**Task directions**
Starting with the line below that holds "可以暫時(shí)的屏蔽當(dāng)前" and stopping after the line that holds "إنهم جميعًا مشاركون", transcribe the lines exactly, leaving out all pictures.

**The data**
* * * * * * * * *
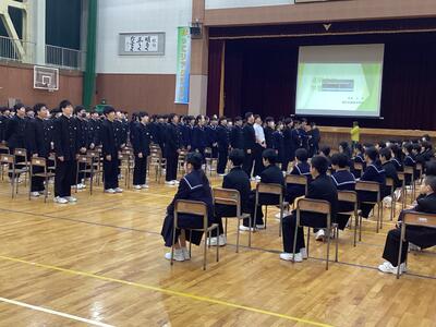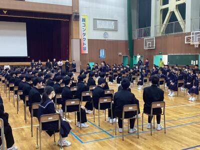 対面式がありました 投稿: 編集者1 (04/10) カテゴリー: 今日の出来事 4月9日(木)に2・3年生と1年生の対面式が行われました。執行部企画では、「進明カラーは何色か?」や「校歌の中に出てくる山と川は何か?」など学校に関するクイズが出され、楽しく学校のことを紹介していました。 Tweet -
* * * * * * * * *
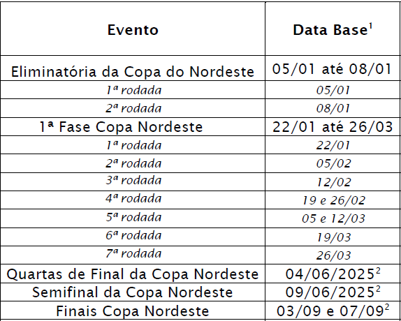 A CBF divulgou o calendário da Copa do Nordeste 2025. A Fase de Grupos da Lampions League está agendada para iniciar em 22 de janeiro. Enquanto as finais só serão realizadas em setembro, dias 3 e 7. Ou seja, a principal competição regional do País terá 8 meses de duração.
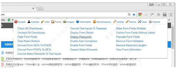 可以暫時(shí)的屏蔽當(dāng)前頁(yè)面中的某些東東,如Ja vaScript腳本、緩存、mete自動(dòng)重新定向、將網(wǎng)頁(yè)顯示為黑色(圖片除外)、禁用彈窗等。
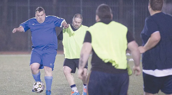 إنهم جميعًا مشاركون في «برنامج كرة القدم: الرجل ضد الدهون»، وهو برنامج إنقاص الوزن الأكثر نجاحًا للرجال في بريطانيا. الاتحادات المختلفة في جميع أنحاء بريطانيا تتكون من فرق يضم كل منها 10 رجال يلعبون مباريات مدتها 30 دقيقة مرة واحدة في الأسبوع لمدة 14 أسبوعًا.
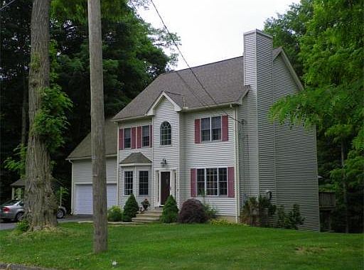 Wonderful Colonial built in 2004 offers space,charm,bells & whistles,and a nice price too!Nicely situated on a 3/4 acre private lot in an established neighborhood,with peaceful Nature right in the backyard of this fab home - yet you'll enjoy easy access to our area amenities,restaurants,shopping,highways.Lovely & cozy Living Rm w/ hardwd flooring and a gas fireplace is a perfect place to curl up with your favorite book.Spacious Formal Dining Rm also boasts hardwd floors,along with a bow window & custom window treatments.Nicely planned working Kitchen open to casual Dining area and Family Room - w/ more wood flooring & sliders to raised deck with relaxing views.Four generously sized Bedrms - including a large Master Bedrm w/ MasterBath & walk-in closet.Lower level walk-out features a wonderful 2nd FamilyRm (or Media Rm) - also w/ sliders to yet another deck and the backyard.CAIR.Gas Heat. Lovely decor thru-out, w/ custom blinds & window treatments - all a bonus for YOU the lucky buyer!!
* * * * * * * * *
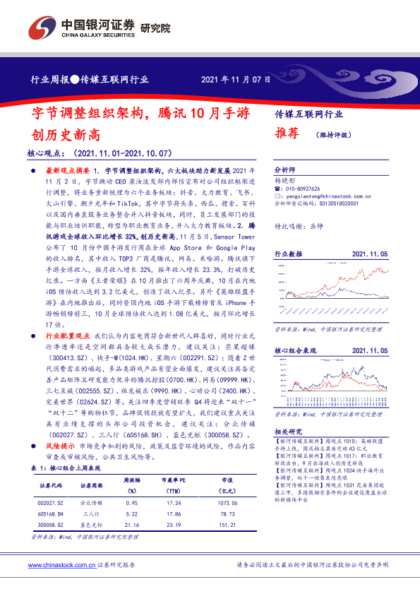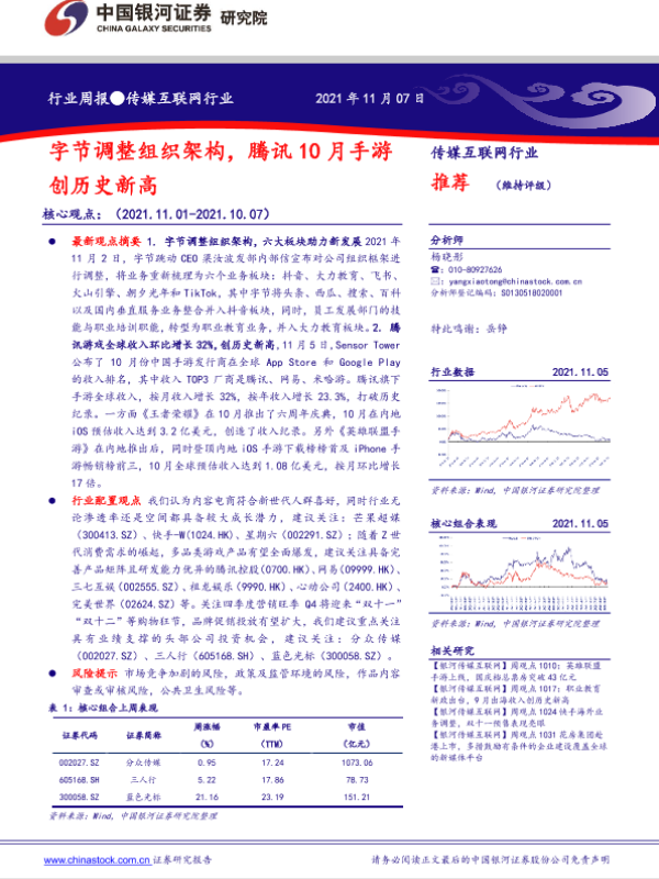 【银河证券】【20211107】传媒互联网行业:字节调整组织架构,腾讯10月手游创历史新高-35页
* * * * * * * * *
**Result**
 可以暫時(shí)的屏蔽當(dāng)前頁(yè)面中的某些東東,如Ja vaScript腳本、緩存、mete自動(dòng)重新定向、將網(wǎng)頁(yè)顯示為黑色(圖片除外)、禁用彈窗等。
 إنهم جميعًا مشاركون في «برنامج كرة القدم: الرجل ضد الدهون»، وهو برنامج إنقاص الوزن الأكثر نجاحًا للرجال في بريطانيا. الاتحادات المختلفة في جميع أنحاء بريطانيا تتكون من فرق يضم كل منها 10 رجال يلعبون مباريات مدتها 30 دقيقة مرة واحدة في الأسبوع لمدة 14 أسبوعًا.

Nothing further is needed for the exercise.